His obsession was "marquee pieces," which he defined as articles to make you fall over at the newsstand. However, he distrusted his own staff to produce anything that good, so he purchased the stories from outside writers, which endeared him to no one at the office. The atmosphere grew increasingly toxic; the old collegial days were over.

Circulation declined marginally, but Leo claimed that the readership had merely grown more refined. When corresponding with the board in Atlanta, he pledged to cut costs, but privately he was cocky. After all, Charles had tipped his hand: he'd said the paper was untouchable.

In 1969, Charles stepped down as chairman of the board and Ott's son, Boyd, age twenty-seven, took over.

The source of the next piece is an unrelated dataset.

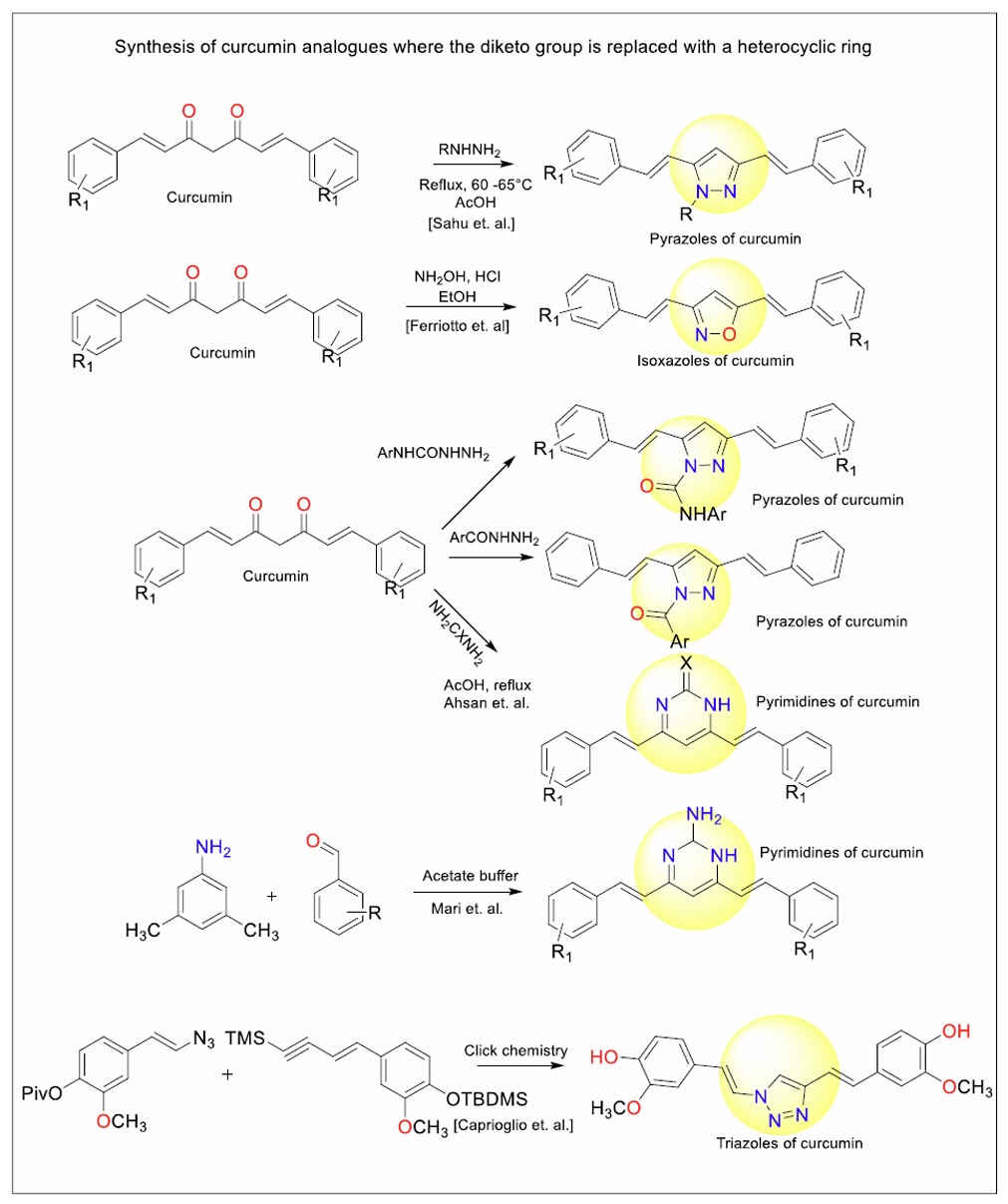 Figure 13 illustrates the synthesis of curcumin analogues where the central diketo group of curcumin is replaced with various heterocyclic rings, such as pyrazoles, isoxazoles, pyrimidines, and triazoles. These transformations generally involve cyclisation reactions facilitated by reagents such as hydrazines, hydroxylamine, or azides, under reflux or buffered conditions.

Leo sent Boyd a letter of congratulations, with a hint that more cash would be timely-the paper could do with a few new hands. Instead, Boyd got rid of an old one: Leo himself.

The justification was that Leo had betrayed the paper and its late founder. Ott had left his family, had toiled day and night, to build a publication that served the world, Boyd said. But Leo had turned the paper into little more than a personal fiefdom. Boyd even alleged that Leo had altered the masthead to shrink "Founded by Cyrus Ott (1899-1960)" and enlarge "Editor-in-Chief: Leopold T. Marsh." A measuring stick seemed to prove the point.

Leo lingered around the capitals of Europe for a while, nosing about for a route back into the international press. In the end, he returned to the United States, taking home a before-breakfast Cognac habit and scant cash. He accepted a job in Pittsburgh running a trade publication on the coal industry and was lucky to get it.

Boyd pledged to lead the search for a replacement editor-in-chief but proved too absorbed by the rest of the Ott empire. He had grand ambitions and began by selling off many long-standing holdings, even the sugar refinery that had started it all, in favor of speculative investments overseas. It was audacious-just the sort of thing his father would have done.

Or so Boyd believed.

For he had barely known Ott, who left for Europe when Boyd was eleven. He had not even been born during his father's fabled early days, when Ott had built an empire from nothing. Most of what Boyd knew about those times came from sundry courtiers nibbling at the edges of the family fortune.

Still, these myths spurred him on. He was bold because his father had been, and proud because this, too, had been Ott's fashion. Yet Boyd's boldness lacked pleasure, and his pride lacked dignity. He styled himself a man of the people, as his father had been. But the people mistrusted Boyd, and he in turn despised them.